Moreover, Overlawyered still has Stella Liebeck as a category. There are only like 25 categories. I can’t see why a 18 year old claim still gets its own category.
Ron, in the real world, you order hot coffee knowing it’s hot. In the real world, if you spill it, it’s your fault. In the real world, if you’ve spilled it on yourself before, and you continue to order it, and you spill it on yourself again, it’s still your fault. It’s only in the legal world where these things are even up for debate.
The reason why Stella Liebeck still deserves a tag is that misguided people still think these kinds of cases have merit, and they deserve to know the truth. (Note that I use “merit” in the sense people use it in the real world. I realize that legal “ethics” seem to equate merit with “potential monetary income,”)
From my vantage point rarely will a month goes by that I don’t come across some poor misguided soul whose misconceptions of the Libeck case are sufficient enough to suggest they spend a few minutes reviewing Ted’s excellent analysis. I find that while many people are aware of the case, they are not aware of the facts. Having it available and neatly packaged for consumption is a public service. That and I detest “wars of wit” with unarmed opponents.
PS – Surely you are not suggesting that OJ was anything but innocent?
Ron Miller writes, “the real world is more complicated than that.” I wonder what “that” is. I am lost.
We still talk about the battle of Hastings in 1066, and the Dred Scott case in of 1857. The Liebeck case is a very clear cut about making a deep-pockets claim for an unfortunate accident.
One aspect of the Stella Liebeck case that should be kept in mind is the roll of doctors. I wonder if Ms. Liebeck really needed skin graphs. It is my understanding that it was the jaw dropping medical bills that led Ms. Liebeck to ask for help.
Mr. Frank:
In the Liebeck case, the evidence indicated that the coffee was served at around 180 degrees Fahrenheit; whereas, in the instant Sonic case, the best available evidence (testimony of the store manager based on a measurement taken the day after) seems to indicate that the coffee was served at around 169 degrees Fahrenheit. So I do not think this case stands as “yet another refutation of the trial-lawyer claim that Stella Liebeck’s McDonald’s coffee was unusually hot. ”

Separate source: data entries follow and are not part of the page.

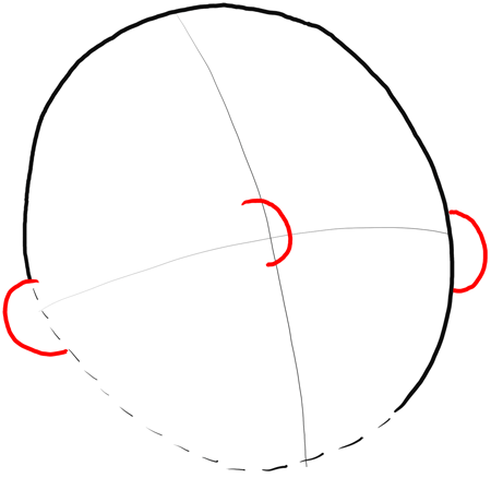 Now that you drew guidelines, it will be easier to place the nose and ears…place the nose (a backwards letter ‘c’ shape) in the center of the face. Draw the ears (letter ‘c’ shapes) on both sides of the horizontal line (line going left and right).
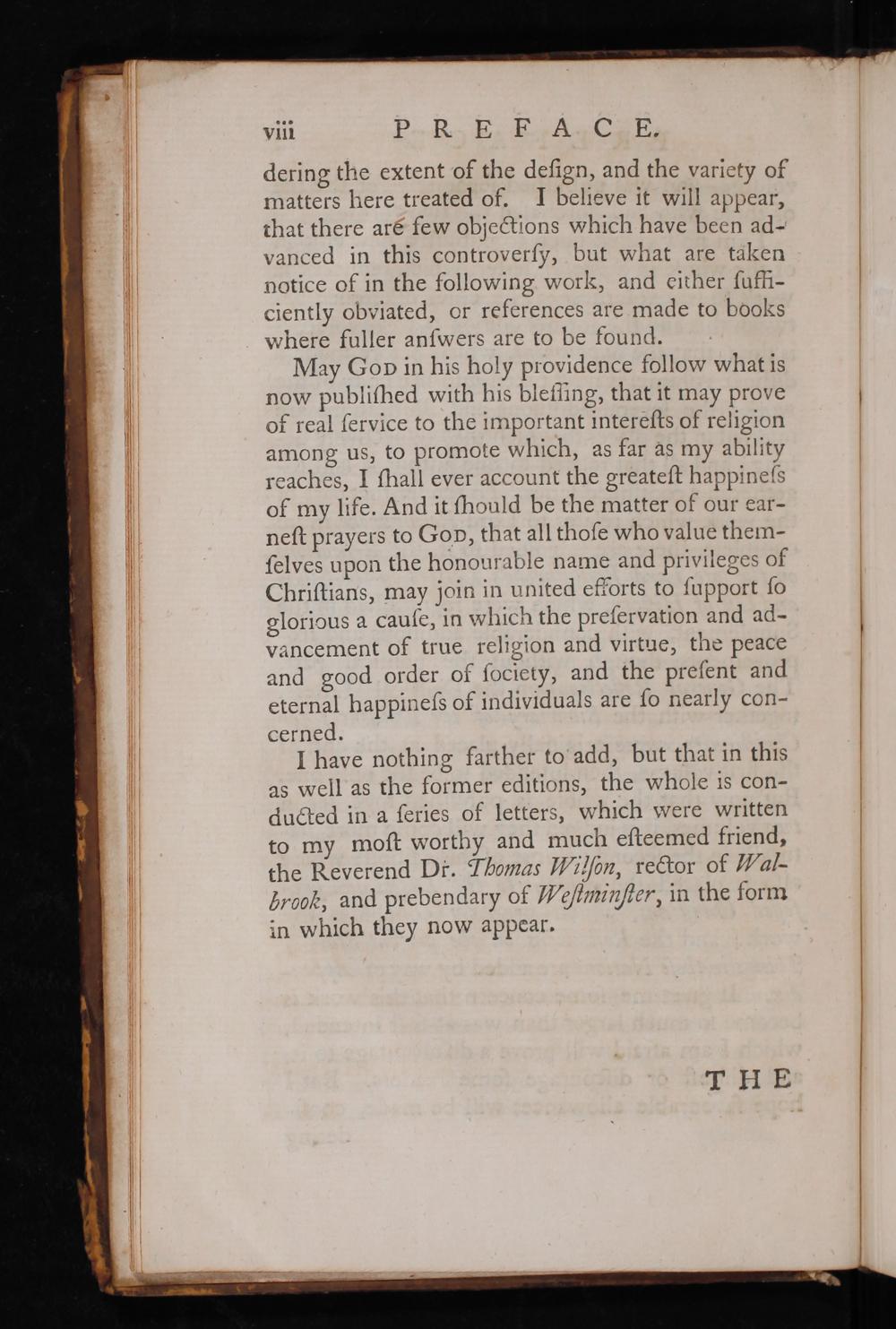 May Gop in his holy providence follow what is now publiſhed with his bleſſing, that it may prove of real ſervice to the important intereſts of religion among us, to promote which, as far as my ability reaches, I ſhall ever account the greateſt happineſs of my life. And it ſhould be the matter of our ear- neſt prayers to Gop, that all thoſe who value them- ſelves upon the honourable name and privileges of Chriſtians, may join in united efforts to ſupport ſo glorious a caufe, in which the preſervation and ad- vancement of true religion and virtue, the peace and good order of ſociety, and the preſent and eternal happineſs of individuals are ſo nearly con- cerned.
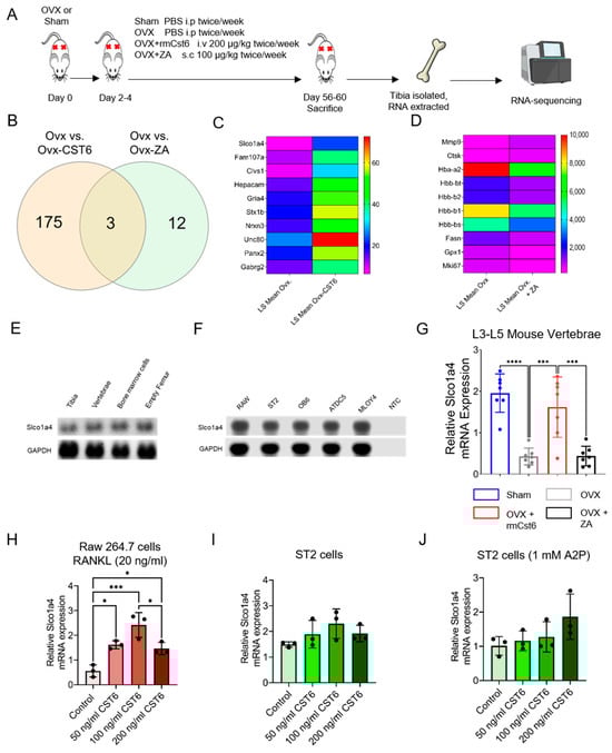 For the OVX model, it was shown that both rmCst6 and ZA ameliorated OVX-induced inflammation (and thus potentially bone resorption) back to sham surgery levels. To determine the mechanisms by which rmCst6 and ZA suppress bone resorption, sequencing analysis of RNA isolated from the tibia of OVX mice treated with either rmCst6 or ZA was performed (Figure 6A). Between the OVX-PBS and the OVX-rmCst6 treatment groups, there were 175 differentially expressed genes unique to the rmCst6 treatment; between the OVX-PBS and the OVX-ZA treatment groups, there were 12 differentially expressed genes unique to the ZA treatment, and there are three differentially expressed genes shared between both OVX-PBS vs. OVX-rmCst6 and OVX-PBS vs. OVX-ZA (Figure 6B). The 10 genes with the largest fold compared with OVX-PBS are listed for both the rmCst6 and ZA treatment (Figure 6C,D). Of particular interest, for rmCst6 treatment, the solute carrier organic anion transporter family member 1a4 (Slco1a4), an organic anion transporter that also facilitates estrogen influx, had the largest fold increase (log2 fold = 3.60), while for ZA treatment, MMP9, which plays a role in apoptotic pathways, had the greatest fold increase (log2 fold = 3.33) [22,23]. Since ZA is known for its apoptotic effects on bone cells, the effect of rmCst6 on Slco1a4 gene expression was investigated further. Basal Slco1a4 RNA levels were found for different bone tissues and cells using PCR and agarose gel electrophoresis (Tissue: tibia, vertebrae, isolated bone marrow cells, and empty femur; Cell types: Raw 264.7, ST2, OB6, ATDC5, and MLOY4) (Figure 6E,F). Real-time PCR for RNA isolated from OVX mice L3–L5 vertebrae matched RNA-seq results; mRNA levels were decreased following OVX, and only rmCst6 treatment brought Slco1a4 mRNA back to sham surgery levels (Figure 6G). To determine cell types where rmCst6 treatment increases Slco1a4 gene expression, real-time PCR was performed for macrophage Raw 264.7 cells (±20 ng/mL RANKL) and stromal ST2 cells (±1 mM A2P). For Raw 264.7 cells, only rmCst6 (+20 ng/mL RANKL) displayed a dose-dependent increase in Slco1a4 mRNA levels up to 100 ng/mL rmCst6 (Figure 6H). rmCst6 treatment also increased Slco1a4 mRNA levels in osteoblast precursor ST2 cells (±1 mM A2P); however, based on one-way ANOVA, changes were not considered significant (Figure 6I,J). Normalized log(2) gene expression for RNA-seq data is listed in supplemental file S1.
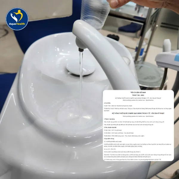 CFU/mL (Colony-Forming Units per milliliter), một tiêu chuẩn rất khó đạt nếu không có hệ thống khử trùng tích hợp. Đặc biệt, nước dùng cho nồi hấp tiệt trùng phải tuân thủ tiêu chuẩn nước loại II hoặc loại III (theo ISO 3696 hoặc CLSI), yêu cầu độ dẫn điện rất thấp và không có tạp chất rắn để bảo vệ thiết bị. Thiết bị lọc nước nha khoa chuẩn y tế phải cung cấp nước có thể được kiểm chứng bằng các thiết bị đo chuyên dụng, đảm bảo tuân thủ nghiêm ngặt mọi quy tắc an toàn.Các quy định bắt buộc về nước được sử dụng trong khám bệnh

The apparent temperature difference is substantial (11 degrees), especially if one accepts the expert testimony in Liebeck regarding the variation in time-to-third-degree-burn based on temperature differences. In Liebeck, the plaintiff’s medical expert testified at trial that “it takes less than three seconds to produce a third-degree burn at 190 degrees, about 12 to 15 seconds at 180 degrees and about 20 seconds at 160 degrees.” (Maybe that’s wrong; but, I think we need some demonstration of that fact before we can conclude that Sonic refutes the “claim that Stella Liebeck’s McDonald’s coffee was unusually hot.”)
Also, it is worth pointing out that, in the Sonic case, the plaintiff did not support his products liability causes of action with any expert testimony. The court specifically noted that he did not produce any expert (or other) evidence to counter the defense expert’s claims. It is hard to win any products liability case without an expert. So this case does not seem particularly telling regarding hot beverage litigation. It seeems rightly decided, but for completely uncontroversial reasons unrelated to the nature of the claims themselves.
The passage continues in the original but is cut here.